With respect to distribution system, the investor may prescribe the internal profit and benefit distribution mechanism and incentive one in line with international practice. In addition, this provision has stipulated the practical means about how foreign investor to remit the profit and other benefits out of China.

Particularly, the provision has made regulations about permitted business and prohibited activities. In addition, investment activities, use of the money, preferential tax policy applying conditions etc have been concretely prescribed. Further more, the condition and procedure for establishing a venture investment management enterprise have also been stipulated there.

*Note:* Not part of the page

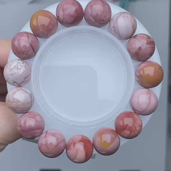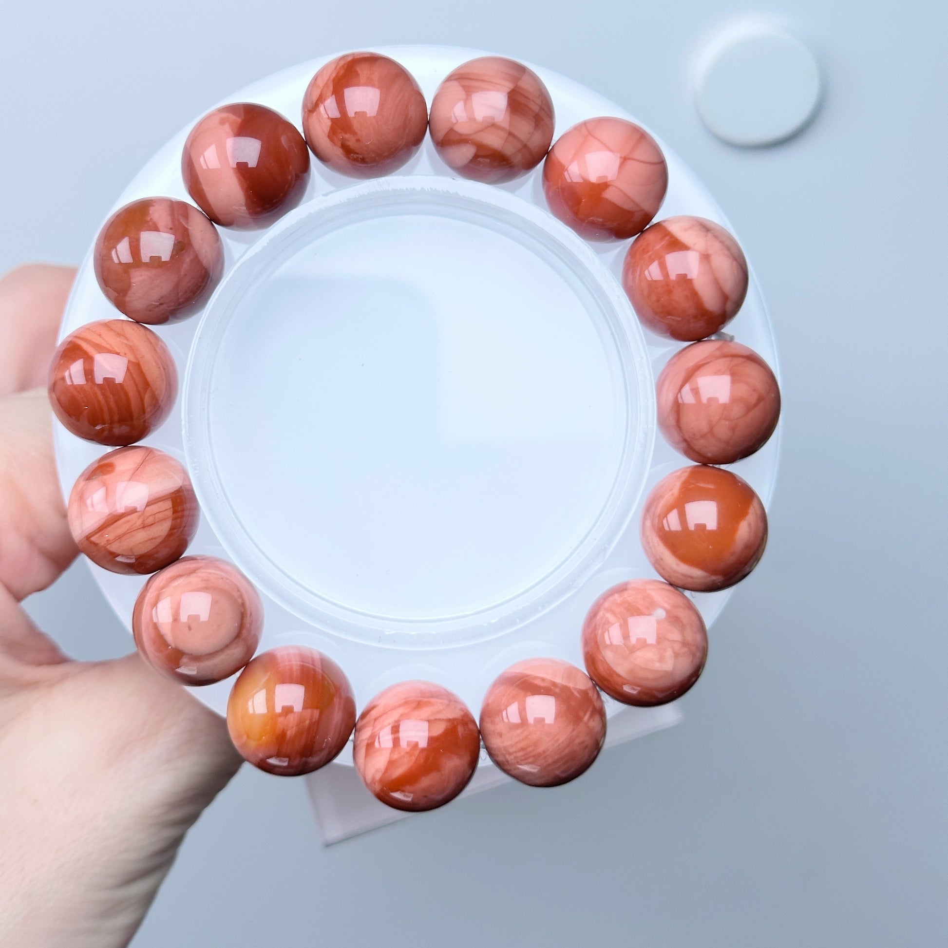 STUNNING! High Quality Orange/Pinky Alashan Agate Bracelet 12mm-14mm

Latest Laws and Regulations

Circular on Taxation Policies in Relation to the 29th Olympic Games
On 22 Jan. 2003, the Circular on taxations policies in relation to the 29th Olympic Games was jointly promulgated by the Ministry of Finance, the General Administration of Taxation and the General Customs Office. Under which, the organization commission of the 29th Olympic Committee, the international Olympic committee and other Olympic related participants shall enjoy a series preferential tax policies, those policies are mainly focused on the following kinds: value added tax, consuming tax, revenue tax, land value added tax, vehicle purchase duty, customs duty, stamp duty, income tax etc. according to this circular, when calculating the taxable incomes, the enterprise, social organization and union shall enjoy a full deduction of the amount which has been given as a gift or assistance in form of money or property; as to the income tax which should be borne by the participating athlete, the amount obtained by the athlete by means of incentive money and other incentive income should be exempt from income tax in accordance with the current concerning laws and regulations.

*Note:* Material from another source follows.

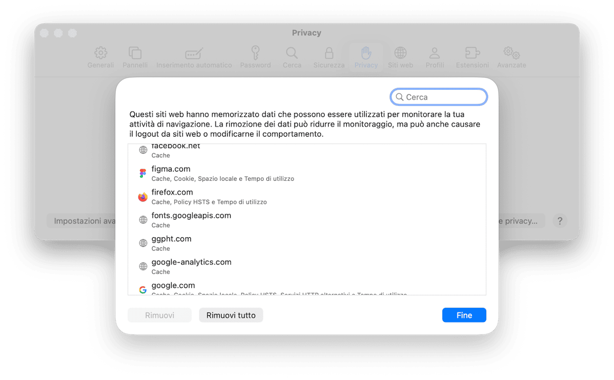- Fai clic su Safari > Impostazioni > Privacy.

Regulations over Administrations Regarding Foreign Invested Urban Planning Service Enterprises
The Regulation on Administrations Regarding Foreign Invested Urban Planning Service Enterprises has jointly issued by the Ministry of Construction and the MOFTEC and will become effective on 1 May 2003. The regulation has placed some provisions relating to the following: design of urban planning with respect to foreign investment, the establishing procedure and condition with regard to consulting activity etc. under this regulation, foreign investor may take the form of solely foreign invested, joint venture and cooperative to participate in services regarding urban planning, provided that a Qualification Certificate for Foreign Invested Enterprise Engaging Urban Planning should be issued by the governing authorities. In this regulation, the proportion of foreign technology personnel, the stay and serving time have been provided. For example, such time should not be less than 6 months in terms of aggregated amount of stay time.

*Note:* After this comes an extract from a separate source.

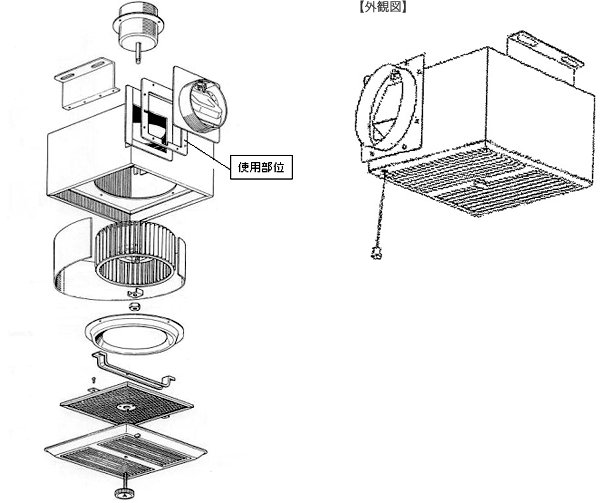 アスベスト含有部品の使用箇所:ダクト用換気扇(パッキン)

Provisionary Rules on Establishment of Sino-Foreign Enterprises in Foreign Trade Regard
The MOFTEC, on 31 Jan. 2003 issues a Provisionary rules on establishment of sino-foreign enterprises in foreign trade regard, which has been in force since the date which is 30 days from the issuance. This rule has laid the regulations on the condition, set-up procedure and necessary material relating to the investors, whether foreign or domestic. Bear in mind that, the standard laid to the investors should be considerably high, such requirements are the following: 1) foreign investor should, during the previous three year period before the application have a trading volume worth more than US 30 million with China (or more than US20 million in case such enterprise would be set up in mid or western areas in China); 2) the Chinese investor is entitled to foreign trade, and should, during the previous three year period before the application, have a import and export trading volume worth more than US 30 million (or more than US 20 million in case that the enterprise would be set up in mid or western areas in China); and 3) the registered capital should not be less than RMB 30 million. In addition, before 11 Dec. 2003, if the proportion of the registered capital of Chinese investor is not more that 51 percent, such application shall, temporarily, not be accepted.